In the material below, find the line with "Try Shrimp a" and the line with "NG6064 OR Puntero", then output both and every line between them exactly, omitting pictures.

### Material supplied
- Opening Delimiter -
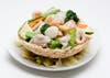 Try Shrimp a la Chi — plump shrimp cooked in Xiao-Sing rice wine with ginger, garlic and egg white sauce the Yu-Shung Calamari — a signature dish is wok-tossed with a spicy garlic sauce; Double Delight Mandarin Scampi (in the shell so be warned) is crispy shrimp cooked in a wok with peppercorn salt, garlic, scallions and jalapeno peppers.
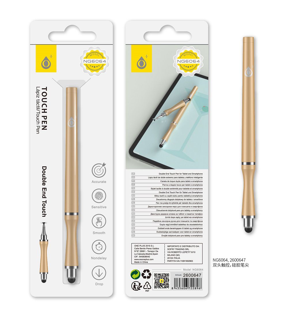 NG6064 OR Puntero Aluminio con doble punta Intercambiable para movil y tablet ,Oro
- Closing Delimiter -
- Opening Delimiter -
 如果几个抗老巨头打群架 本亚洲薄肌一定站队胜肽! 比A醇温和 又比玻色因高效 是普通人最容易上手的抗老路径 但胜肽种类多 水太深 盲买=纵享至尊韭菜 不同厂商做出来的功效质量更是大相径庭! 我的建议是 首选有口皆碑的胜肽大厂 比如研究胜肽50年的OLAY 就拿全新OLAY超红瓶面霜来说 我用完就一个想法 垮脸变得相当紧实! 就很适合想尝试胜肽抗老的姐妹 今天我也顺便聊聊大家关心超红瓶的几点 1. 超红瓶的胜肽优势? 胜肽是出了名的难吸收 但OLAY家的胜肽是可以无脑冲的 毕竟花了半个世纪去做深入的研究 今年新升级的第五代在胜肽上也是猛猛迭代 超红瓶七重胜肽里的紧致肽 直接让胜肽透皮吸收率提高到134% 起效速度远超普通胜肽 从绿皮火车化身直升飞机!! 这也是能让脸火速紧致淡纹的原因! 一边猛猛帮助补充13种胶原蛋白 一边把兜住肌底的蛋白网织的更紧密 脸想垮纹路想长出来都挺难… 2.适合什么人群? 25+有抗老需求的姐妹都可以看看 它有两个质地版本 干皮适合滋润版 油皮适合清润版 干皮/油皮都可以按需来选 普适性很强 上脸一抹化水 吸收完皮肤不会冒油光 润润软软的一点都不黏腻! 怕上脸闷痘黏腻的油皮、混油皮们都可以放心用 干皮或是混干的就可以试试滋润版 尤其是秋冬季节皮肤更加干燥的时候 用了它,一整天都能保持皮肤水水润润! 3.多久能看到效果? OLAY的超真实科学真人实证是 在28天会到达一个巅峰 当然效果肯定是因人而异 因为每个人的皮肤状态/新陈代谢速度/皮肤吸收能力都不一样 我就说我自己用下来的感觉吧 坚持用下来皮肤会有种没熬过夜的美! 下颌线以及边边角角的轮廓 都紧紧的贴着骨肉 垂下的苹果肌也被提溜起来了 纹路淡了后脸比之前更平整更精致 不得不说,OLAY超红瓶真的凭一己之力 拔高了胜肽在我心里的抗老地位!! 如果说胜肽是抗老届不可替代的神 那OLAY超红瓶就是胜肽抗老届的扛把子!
- Closing Delimiter -
- Opening Delimiter -
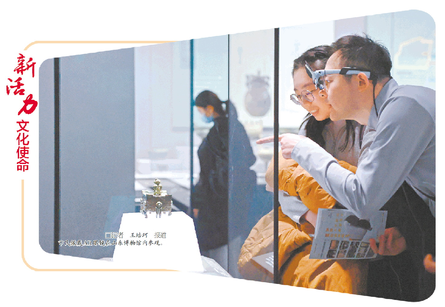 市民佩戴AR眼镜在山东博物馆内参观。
- Closing Delimiter -
### Answer for the task
 Try Shrimp a la Chi — plump shrimp cooked in Xiao-Sing rice wine with ginger, garlic and egg white sauce the Yu-Shung Calamari — a signature dish is wok-tossed with a spicy garlic sauce; Double Delight Mandarin Scampi (in the shell so be warned) is crispy shrimp cooked in a wok with peppercorn salt, garlic, scallions and jalapeno peppers.
 NG6064 OR Puntero Aluminio con doble punta Intercambiable para movil y tablet ,Oro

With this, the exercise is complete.